Our results strongly support the hypothesis that dihydrotestosterone is the active hormone for male sexual function as reflected in the frequency of orgasms. An increase of dihydrotestosterone by about 2 SD (1.36 nmol/l) was associated with an increase of the weekly number of orgasms by at least one and conceivably more depending on the extent of biologically generated variation and consequent misclassification. Additionally, within the age range studied, a difference of three years corresponded to an increase of the weekly number of orgasms by about two; this increase is likely to reflect socially conditioned enhancement of opportunities with increasing age (possibly including marital status which was not ascertained in this study).
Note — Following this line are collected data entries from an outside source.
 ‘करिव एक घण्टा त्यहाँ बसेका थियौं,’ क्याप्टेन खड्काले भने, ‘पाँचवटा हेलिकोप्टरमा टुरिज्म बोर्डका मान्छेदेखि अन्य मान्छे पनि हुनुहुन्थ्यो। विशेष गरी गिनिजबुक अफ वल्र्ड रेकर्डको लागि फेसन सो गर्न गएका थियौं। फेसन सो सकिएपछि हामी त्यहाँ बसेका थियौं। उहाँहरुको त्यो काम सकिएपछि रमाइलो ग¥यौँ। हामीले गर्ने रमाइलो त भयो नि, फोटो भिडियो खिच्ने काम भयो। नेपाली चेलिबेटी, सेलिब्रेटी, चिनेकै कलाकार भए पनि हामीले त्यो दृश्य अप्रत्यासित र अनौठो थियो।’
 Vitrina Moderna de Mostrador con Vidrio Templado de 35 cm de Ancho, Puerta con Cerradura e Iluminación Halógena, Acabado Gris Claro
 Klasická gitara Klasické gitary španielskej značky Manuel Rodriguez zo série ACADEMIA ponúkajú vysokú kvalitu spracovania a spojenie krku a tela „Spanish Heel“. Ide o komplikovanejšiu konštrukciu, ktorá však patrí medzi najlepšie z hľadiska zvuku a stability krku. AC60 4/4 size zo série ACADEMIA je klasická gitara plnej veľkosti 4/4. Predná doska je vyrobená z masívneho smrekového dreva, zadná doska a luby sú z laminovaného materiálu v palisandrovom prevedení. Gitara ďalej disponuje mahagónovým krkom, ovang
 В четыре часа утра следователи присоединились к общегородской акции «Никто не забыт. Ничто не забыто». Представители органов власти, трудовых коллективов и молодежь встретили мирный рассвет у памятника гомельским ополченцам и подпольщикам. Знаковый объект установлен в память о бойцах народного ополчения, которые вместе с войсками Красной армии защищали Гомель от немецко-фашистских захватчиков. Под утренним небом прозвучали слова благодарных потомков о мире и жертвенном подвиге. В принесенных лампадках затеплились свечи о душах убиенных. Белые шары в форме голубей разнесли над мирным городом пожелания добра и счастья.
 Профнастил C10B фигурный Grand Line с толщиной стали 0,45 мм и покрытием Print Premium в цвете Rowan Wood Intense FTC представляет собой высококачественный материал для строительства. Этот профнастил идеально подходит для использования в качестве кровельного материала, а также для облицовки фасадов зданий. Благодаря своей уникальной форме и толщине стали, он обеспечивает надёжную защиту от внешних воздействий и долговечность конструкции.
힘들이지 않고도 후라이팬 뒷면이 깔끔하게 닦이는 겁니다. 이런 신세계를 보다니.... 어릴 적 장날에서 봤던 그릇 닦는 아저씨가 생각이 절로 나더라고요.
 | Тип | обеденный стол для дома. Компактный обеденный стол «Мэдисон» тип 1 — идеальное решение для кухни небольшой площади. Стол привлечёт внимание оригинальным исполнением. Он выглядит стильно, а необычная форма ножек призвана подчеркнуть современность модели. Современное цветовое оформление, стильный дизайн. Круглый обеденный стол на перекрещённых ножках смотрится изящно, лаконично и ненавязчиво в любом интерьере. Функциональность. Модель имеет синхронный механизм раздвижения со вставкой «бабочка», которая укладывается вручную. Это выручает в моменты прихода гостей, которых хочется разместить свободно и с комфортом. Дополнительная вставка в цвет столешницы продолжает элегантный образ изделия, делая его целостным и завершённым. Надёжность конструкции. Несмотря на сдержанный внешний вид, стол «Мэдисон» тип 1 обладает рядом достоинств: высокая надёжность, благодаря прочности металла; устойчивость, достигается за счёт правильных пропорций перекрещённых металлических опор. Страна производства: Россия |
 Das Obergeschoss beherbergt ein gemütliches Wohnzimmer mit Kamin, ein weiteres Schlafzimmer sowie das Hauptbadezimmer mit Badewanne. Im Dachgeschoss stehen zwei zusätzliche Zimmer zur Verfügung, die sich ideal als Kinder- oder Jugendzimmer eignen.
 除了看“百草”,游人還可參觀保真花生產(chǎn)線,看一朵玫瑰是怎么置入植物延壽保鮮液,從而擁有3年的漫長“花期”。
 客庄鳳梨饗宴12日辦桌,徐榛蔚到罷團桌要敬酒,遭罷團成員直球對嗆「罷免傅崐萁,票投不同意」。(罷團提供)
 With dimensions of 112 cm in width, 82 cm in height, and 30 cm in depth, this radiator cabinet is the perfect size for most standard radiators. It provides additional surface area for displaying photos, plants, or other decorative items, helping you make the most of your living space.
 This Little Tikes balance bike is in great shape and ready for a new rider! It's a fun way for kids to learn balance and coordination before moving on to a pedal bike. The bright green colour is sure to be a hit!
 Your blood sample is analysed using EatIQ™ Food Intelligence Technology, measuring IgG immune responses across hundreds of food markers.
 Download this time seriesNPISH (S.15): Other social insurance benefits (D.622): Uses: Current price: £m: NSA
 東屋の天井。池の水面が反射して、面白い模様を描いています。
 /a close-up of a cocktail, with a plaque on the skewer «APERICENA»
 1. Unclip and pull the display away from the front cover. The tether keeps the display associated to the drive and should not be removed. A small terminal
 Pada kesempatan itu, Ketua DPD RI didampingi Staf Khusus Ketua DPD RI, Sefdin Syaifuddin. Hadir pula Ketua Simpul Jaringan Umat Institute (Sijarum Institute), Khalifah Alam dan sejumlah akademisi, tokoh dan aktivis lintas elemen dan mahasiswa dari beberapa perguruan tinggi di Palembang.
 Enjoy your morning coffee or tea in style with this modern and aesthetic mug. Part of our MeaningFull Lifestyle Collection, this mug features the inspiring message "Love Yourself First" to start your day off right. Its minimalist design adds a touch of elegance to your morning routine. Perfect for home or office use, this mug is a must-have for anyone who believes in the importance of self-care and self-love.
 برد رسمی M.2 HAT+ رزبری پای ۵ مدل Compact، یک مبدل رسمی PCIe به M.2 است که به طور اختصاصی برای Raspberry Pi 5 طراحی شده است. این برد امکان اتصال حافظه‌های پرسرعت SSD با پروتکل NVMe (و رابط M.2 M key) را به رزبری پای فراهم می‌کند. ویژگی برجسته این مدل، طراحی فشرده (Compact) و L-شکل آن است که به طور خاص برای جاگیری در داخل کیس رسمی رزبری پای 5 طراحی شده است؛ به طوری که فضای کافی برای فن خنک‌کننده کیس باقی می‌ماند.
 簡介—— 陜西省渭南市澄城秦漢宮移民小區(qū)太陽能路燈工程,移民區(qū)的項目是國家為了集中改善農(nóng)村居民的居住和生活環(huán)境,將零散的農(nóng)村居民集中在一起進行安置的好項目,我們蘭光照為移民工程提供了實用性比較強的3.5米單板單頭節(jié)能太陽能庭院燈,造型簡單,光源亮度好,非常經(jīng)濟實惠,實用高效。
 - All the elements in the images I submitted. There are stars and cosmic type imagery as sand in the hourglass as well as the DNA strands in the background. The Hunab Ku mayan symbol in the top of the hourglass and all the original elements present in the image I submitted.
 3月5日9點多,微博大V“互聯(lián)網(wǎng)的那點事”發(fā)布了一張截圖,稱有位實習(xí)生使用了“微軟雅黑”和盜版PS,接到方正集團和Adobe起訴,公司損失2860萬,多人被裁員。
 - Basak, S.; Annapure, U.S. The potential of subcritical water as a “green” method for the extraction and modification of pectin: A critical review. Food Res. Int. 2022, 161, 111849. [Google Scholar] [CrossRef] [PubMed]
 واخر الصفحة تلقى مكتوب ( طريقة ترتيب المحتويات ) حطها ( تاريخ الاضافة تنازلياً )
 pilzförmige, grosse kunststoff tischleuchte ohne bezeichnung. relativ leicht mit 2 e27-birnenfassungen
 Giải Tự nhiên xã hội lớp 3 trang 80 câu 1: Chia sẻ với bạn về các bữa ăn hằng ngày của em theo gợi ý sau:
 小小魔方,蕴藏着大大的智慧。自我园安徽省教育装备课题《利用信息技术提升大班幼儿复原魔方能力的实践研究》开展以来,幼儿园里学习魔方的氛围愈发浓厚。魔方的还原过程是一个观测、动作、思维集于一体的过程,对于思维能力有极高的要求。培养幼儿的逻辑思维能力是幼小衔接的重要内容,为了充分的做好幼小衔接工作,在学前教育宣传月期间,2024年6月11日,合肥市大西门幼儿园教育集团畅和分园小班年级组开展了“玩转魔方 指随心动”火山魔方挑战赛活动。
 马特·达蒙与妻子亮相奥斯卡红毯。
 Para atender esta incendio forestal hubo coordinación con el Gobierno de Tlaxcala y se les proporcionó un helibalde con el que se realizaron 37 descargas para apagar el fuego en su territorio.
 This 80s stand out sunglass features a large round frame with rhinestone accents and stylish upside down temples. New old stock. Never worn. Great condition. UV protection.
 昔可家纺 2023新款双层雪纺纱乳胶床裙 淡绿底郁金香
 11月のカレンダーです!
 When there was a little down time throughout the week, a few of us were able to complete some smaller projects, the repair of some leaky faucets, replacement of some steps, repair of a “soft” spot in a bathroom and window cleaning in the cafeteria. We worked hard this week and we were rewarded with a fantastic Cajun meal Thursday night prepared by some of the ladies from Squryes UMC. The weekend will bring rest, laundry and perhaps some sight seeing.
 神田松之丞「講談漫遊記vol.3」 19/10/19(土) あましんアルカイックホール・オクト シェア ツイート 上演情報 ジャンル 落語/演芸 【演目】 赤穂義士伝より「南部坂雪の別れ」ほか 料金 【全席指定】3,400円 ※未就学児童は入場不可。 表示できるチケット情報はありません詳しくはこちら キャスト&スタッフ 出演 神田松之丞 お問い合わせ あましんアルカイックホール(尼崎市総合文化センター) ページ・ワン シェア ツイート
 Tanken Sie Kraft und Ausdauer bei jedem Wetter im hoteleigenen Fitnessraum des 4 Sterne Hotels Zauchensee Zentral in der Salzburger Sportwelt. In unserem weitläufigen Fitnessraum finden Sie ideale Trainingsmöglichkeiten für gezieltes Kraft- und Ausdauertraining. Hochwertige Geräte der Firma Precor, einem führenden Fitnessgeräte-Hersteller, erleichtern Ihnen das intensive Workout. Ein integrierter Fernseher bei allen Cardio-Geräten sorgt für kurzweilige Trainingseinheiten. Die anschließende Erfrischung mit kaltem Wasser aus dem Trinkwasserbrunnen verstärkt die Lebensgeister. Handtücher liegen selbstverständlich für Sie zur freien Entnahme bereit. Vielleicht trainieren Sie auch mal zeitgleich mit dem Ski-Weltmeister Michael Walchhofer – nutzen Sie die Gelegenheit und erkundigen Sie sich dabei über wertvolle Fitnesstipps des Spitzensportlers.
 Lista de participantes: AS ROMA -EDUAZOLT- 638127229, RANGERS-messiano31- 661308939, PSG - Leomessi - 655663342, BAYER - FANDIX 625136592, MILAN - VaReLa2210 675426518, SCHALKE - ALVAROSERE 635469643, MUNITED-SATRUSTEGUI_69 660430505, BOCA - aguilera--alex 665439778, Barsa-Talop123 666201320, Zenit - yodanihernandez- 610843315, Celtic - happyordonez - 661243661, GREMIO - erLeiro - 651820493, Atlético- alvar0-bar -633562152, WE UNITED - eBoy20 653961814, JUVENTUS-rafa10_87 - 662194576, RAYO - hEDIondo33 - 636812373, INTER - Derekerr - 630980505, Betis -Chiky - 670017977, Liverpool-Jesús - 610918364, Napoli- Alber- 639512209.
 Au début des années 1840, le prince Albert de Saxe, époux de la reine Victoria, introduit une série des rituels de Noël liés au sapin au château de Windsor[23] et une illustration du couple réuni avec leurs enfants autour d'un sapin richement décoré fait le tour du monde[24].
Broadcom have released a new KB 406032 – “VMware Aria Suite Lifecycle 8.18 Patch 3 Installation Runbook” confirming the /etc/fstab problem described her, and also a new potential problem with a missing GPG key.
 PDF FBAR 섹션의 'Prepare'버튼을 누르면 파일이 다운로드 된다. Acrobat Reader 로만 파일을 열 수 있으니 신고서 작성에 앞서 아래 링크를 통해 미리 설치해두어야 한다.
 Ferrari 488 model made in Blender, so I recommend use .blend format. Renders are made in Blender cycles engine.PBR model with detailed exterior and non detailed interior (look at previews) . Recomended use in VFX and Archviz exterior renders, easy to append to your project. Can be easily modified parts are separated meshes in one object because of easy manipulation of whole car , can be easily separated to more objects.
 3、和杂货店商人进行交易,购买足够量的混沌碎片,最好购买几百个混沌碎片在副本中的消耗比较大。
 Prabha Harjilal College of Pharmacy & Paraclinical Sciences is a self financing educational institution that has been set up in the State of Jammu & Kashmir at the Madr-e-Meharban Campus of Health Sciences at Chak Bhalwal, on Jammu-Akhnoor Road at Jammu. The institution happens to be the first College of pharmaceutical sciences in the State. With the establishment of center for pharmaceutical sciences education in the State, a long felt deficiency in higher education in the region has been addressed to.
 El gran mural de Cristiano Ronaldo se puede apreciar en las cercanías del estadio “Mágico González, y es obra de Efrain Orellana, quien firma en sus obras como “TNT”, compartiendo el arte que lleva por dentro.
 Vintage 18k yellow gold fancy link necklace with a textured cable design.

Only orgasms were evaluated in this investigation, and no attempt was made to ascertain other aspects of male sexual behaviour.7 Previous studies, however, have found that self reported frequency of orgasms in men is a highly reliable method for the evaluation of the effects of androgens on sexual activity that tends to remain stable over time.3 8 There is undoubtedly misclassification in the reporting of the frequency of orgasms as well as in the laboratory determinations of dihydrotestosterone and the other hormones. The corresponding errors, however, are clearly uncorrelated since laboratory tests were blindly performed and the staff concerned had no knowledge of the identity of the subjects or their questionnaire data. Non-differential misclassification can bias the regression coefficients towards the null values, but the extent of this misclassification was no smaller for dihydrotestosterone than for other hormones.
It seems that in normal young adults the potent testosterone metabolite dihydrotestosterone, which binds much more avidly with the androgen receptor,9 is the most important and perhaps the only important androgen in determining male sexual behaviour as reflected in the frequency of orgasms, whereas physiological concentrations of serum oestrogen and adrenal steroids do not seem to play an independent part of comparable importance.
This study was supported by a grant from the medical services of the Greek Army and by a grant to Harvard University by George S Livanos, Switzerland.